REQUIRED WORK. Using only the entries below, copy exactly the lines that begin at the one with "<Notice: Removed> Anticoagulation" and end at the one with "국경 간 터치 테이블", both included. Drop the pictures.

PROVIDED RECORDS.

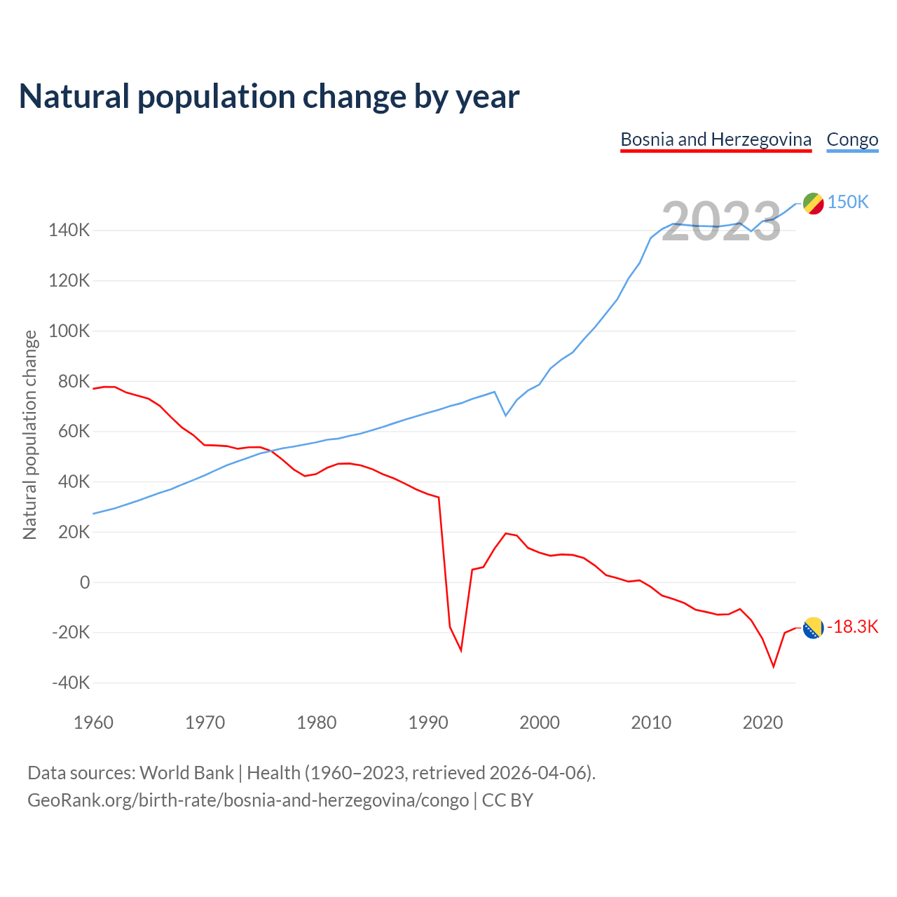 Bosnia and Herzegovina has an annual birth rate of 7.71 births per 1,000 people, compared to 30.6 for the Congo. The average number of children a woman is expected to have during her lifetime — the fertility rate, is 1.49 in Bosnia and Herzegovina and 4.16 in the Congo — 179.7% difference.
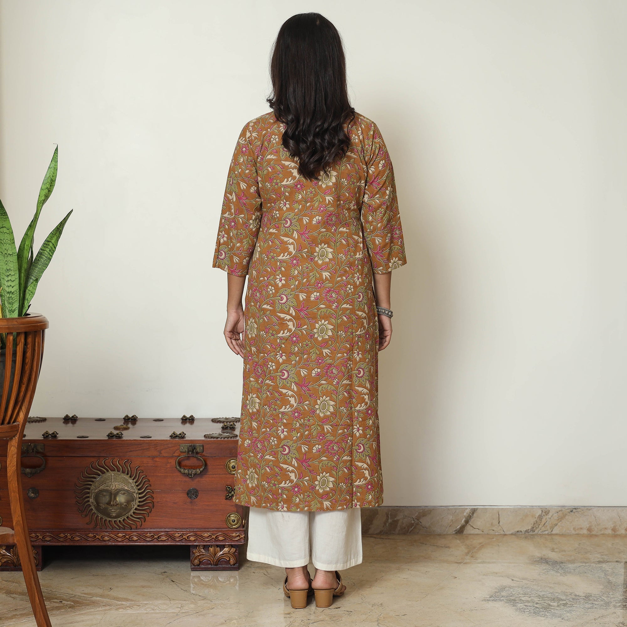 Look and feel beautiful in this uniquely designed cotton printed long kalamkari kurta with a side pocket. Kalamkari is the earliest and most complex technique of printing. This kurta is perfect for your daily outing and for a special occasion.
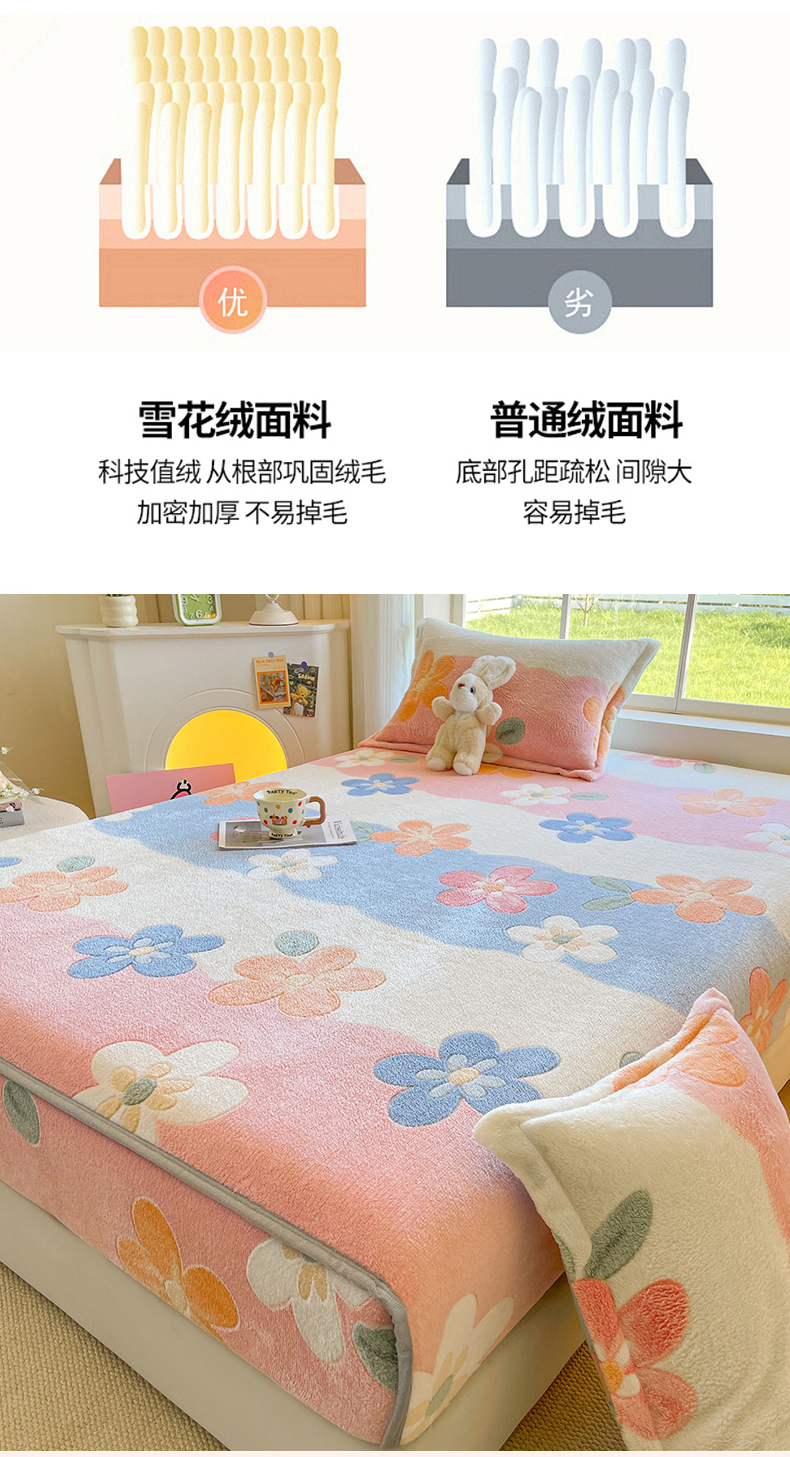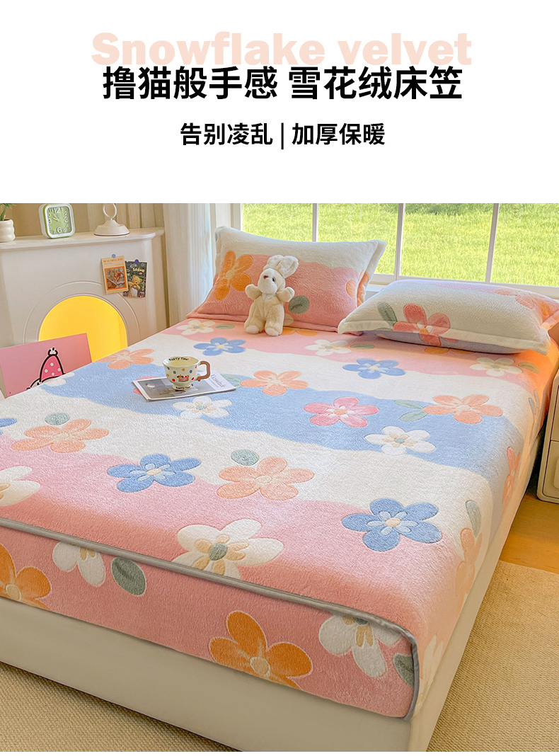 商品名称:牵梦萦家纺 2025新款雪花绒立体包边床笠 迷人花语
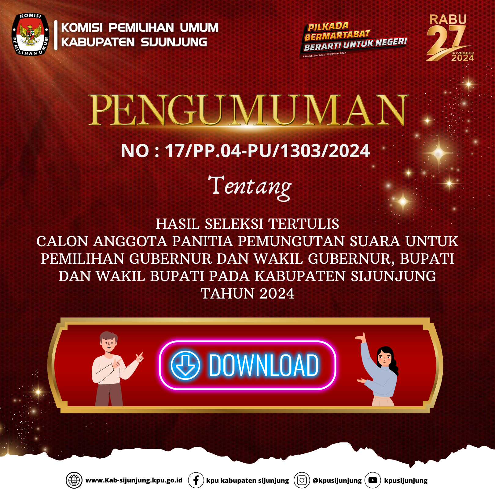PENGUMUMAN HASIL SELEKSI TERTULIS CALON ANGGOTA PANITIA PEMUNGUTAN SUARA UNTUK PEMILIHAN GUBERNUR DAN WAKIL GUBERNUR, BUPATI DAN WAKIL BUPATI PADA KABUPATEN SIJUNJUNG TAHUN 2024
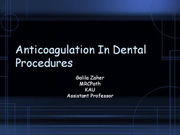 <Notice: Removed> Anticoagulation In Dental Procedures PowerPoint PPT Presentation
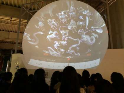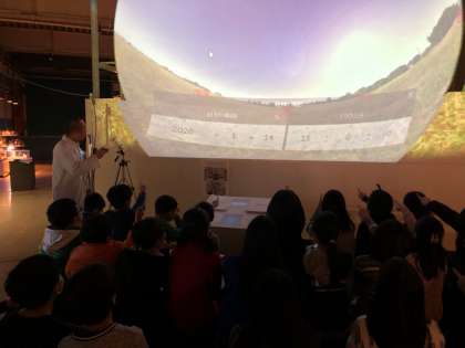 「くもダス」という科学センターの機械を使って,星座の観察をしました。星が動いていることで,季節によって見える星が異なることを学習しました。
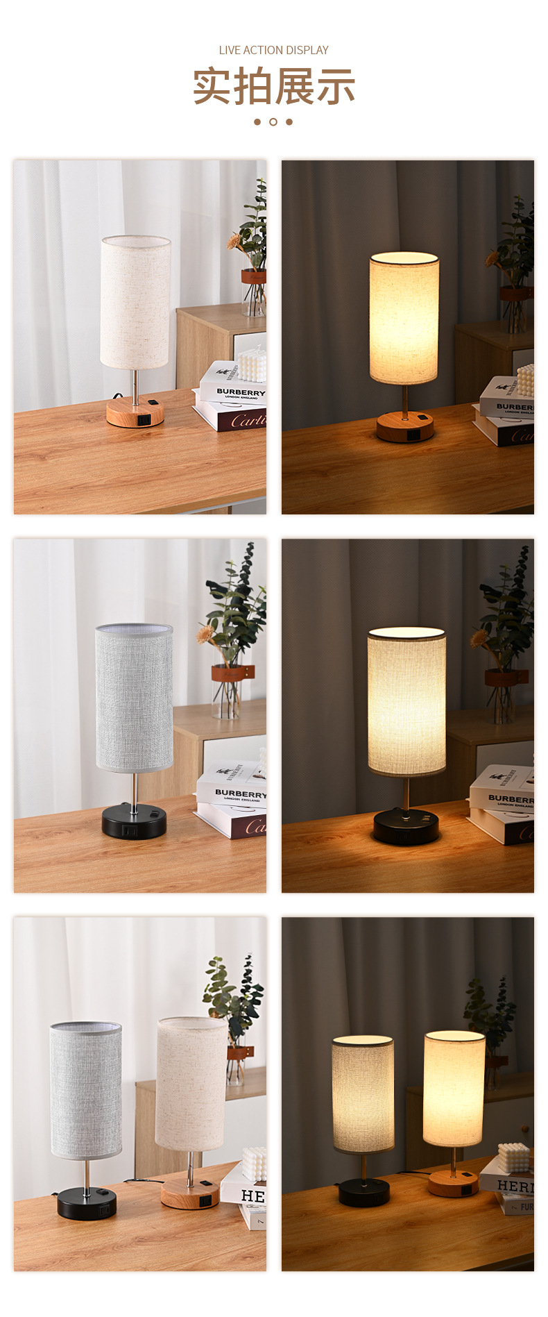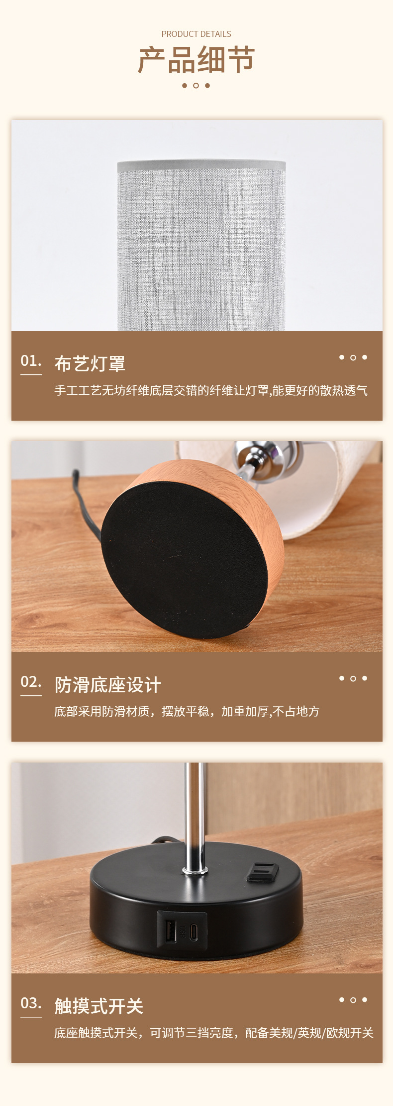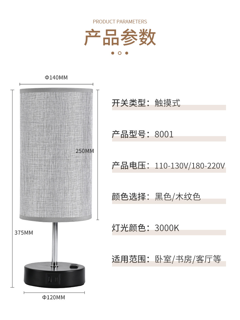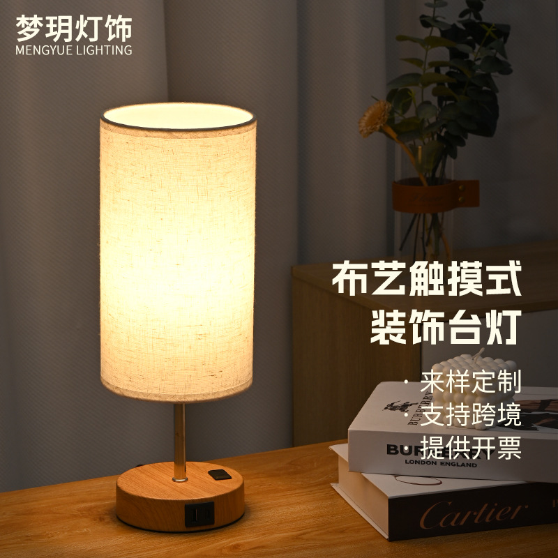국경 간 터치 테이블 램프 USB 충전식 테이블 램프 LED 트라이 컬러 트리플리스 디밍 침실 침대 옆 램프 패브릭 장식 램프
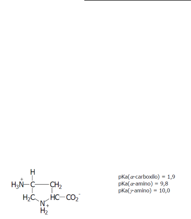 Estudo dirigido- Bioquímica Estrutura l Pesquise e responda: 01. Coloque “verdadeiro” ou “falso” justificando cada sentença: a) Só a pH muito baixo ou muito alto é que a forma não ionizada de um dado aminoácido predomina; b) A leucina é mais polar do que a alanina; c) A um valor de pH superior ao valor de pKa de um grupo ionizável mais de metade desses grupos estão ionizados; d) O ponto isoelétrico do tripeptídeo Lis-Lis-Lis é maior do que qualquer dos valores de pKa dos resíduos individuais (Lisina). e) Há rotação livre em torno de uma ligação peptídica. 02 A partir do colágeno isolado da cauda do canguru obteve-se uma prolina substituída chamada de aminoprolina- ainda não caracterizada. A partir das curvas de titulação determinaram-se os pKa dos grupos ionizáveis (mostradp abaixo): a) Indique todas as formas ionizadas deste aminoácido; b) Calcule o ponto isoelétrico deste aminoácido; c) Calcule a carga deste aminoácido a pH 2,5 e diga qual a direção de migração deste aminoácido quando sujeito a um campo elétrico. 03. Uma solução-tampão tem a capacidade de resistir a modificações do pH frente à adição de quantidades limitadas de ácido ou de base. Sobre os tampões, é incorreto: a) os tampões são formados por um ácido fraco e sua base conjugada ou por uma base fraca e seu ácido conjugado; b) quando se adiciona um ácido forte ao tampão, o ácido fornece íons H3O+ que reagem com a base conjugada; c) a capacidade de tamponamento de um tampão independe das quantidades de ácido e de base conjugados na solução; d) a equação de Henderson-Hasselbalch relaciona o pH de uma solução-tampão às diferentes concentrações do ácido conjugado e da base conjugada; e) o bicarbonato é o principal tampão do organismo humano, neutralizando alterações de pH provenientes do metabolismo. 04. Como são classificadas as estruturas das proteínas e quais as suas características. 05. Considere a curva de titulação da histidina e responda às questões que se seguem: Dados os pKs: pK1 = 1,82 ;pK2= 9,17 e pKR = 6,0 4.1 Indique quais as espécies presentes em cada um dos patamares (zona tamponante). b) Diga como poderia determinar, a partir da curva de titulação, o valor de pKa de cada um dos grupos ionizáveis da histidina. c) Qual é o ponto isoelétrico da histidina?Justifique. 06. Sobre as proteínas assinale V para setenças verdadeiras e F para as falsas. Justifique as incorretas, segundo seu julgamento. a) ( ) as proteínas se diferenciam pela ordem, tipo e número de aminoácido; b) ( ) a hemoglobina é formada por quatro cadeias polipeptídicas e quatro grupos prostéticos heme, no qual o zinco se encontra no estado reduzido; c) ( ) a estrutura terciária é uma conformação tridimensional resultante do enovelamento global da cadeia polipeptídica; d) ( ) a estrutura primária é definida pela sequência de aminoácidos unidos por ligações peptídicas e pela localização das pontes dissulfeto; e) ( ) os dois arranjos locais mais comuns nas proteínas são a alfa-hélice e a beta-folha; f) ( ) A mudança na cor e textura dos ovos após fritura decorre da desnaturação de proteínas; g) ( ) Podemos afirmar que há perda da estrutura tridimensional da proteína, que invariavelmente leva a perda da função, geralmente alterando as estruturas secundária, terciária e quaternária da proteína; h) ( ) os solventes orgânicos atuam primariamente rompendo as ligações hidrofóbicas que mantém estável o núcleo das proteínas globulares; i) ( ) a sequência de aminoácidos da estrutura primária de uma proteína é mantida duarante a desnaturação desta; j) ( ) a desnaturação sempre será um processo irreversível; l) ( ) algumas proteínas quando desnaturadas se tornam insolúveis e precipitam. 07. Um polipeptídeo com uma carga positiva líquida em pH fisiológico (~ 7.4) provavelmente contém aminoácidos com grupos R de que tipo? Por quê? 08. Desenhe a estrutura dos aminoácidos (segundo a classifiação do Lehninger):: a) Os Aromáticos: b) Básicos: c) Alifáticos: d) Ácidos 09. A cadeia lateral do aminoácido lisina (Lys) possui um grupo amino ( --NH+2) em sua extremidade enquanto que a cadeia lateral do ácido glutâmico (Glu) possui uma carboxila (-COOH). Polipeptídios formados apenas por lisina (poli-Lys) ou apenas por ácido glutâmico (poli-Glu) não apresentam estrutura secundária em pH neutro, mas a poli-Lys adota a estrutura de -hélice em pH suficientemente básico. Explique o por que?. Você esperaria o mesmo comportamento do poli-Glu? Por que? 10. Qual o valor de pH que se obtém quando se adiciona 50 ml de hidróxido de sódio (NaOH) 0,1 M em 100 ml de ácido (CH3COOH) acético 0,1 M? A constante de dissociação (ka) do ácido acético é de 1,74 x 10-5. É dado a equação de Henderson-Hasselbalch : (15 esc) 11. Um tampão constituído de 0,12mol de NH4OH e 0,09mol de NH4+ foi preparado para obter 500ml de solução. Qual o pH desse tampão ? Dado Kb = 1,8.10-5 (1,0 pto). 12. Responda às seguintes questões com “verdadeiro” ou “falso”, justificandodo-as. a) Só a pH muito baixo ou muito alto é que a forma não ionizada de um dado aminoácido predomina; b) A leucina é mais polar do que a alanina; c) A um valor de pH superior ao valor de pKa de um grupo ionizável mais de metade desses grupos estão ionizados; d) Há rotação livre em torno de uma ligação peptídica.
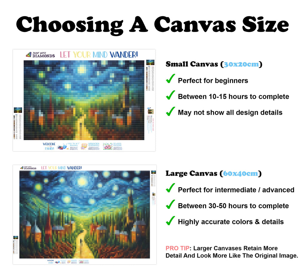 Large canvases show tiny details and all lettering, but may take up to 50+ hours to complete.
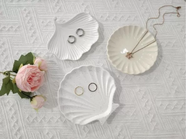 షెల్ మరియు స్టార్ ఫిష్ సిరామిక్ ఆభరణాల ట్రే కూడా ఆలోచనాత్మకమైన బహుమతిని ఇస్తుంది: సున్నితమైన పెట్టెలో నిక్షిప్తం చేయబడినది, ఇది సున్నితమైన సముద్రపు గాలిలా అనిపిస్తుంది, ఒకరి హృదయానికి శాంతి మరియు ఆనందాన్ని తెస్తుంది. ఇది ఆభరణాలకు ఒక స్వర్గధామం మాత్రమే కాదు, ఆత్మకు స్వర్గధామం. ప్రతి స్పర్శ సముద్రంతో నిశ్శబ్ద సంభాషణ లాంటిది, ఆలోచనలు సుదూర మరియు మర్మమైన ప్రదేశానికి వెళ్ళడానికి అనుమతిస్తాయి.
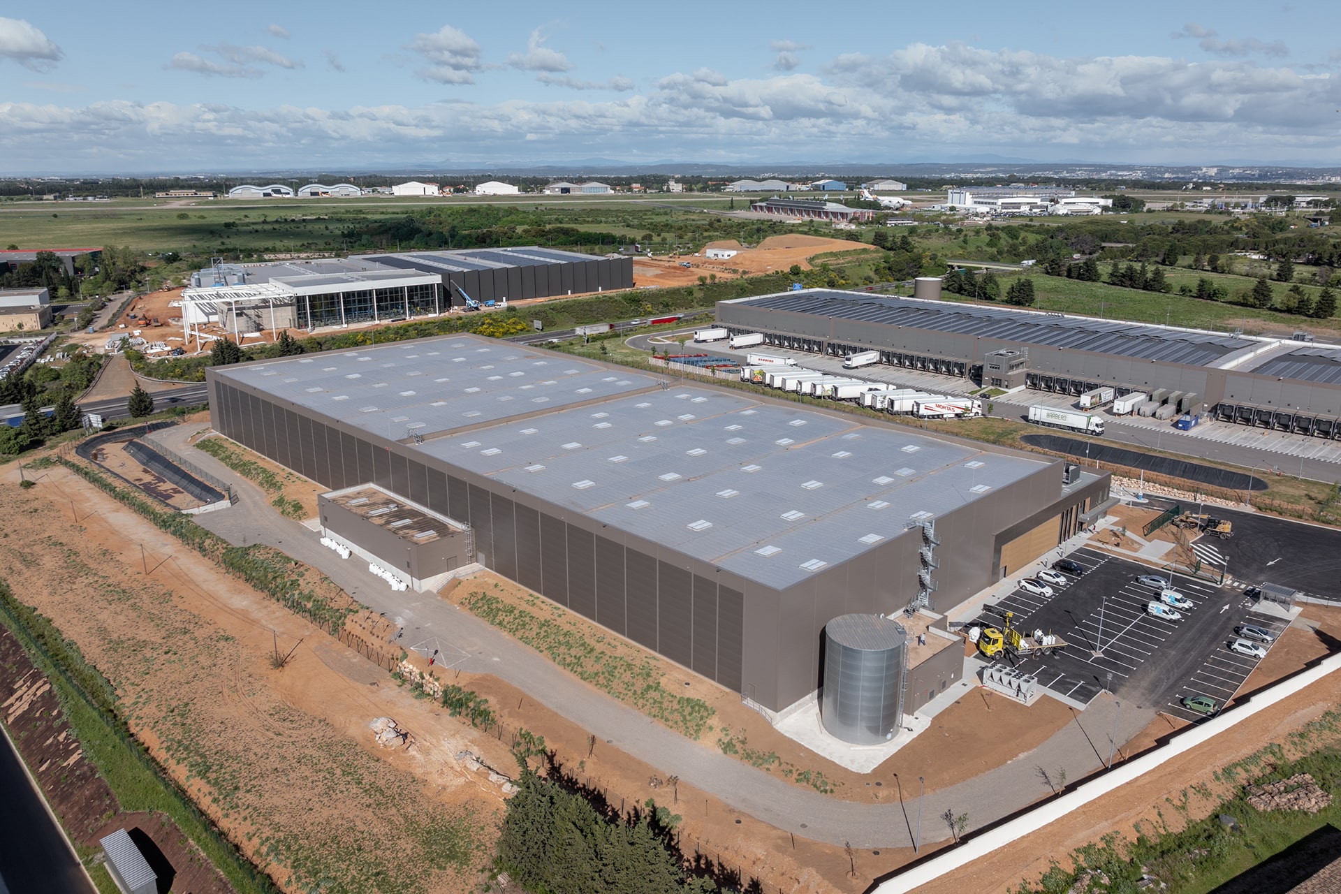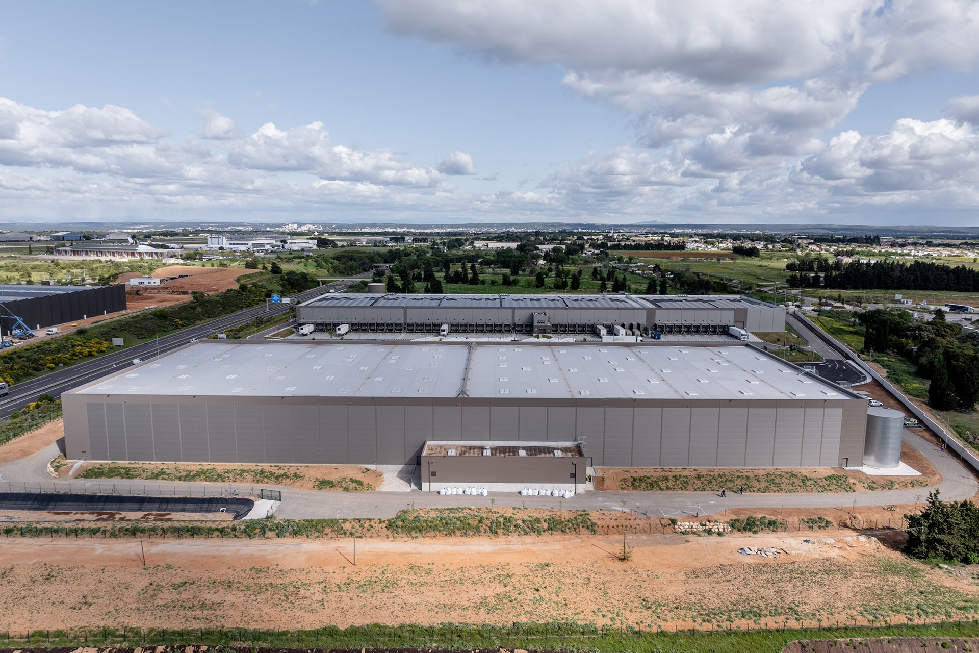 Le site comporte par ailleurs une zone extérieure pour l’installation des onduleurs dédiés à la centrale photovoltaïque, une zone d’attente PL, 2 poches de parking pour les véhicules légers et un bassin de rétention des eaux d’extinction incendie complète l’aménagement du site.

THE ANSWER.
 <Notice: Removed> Anticoagulation In Dental Procedures PowerPoint PPT Presentation
 「くもダス」という科学センターの機械を使って,星座の観察をしました。星が動いていることで,季節によって見える星が異なることを学習しました。
국경 간 터치 테이블 램프 USB 충전식 테이블 램프 LED 트라이 컬러 트리플리스 디밍 침실 침대 옆 램프 패브릭 장식 램프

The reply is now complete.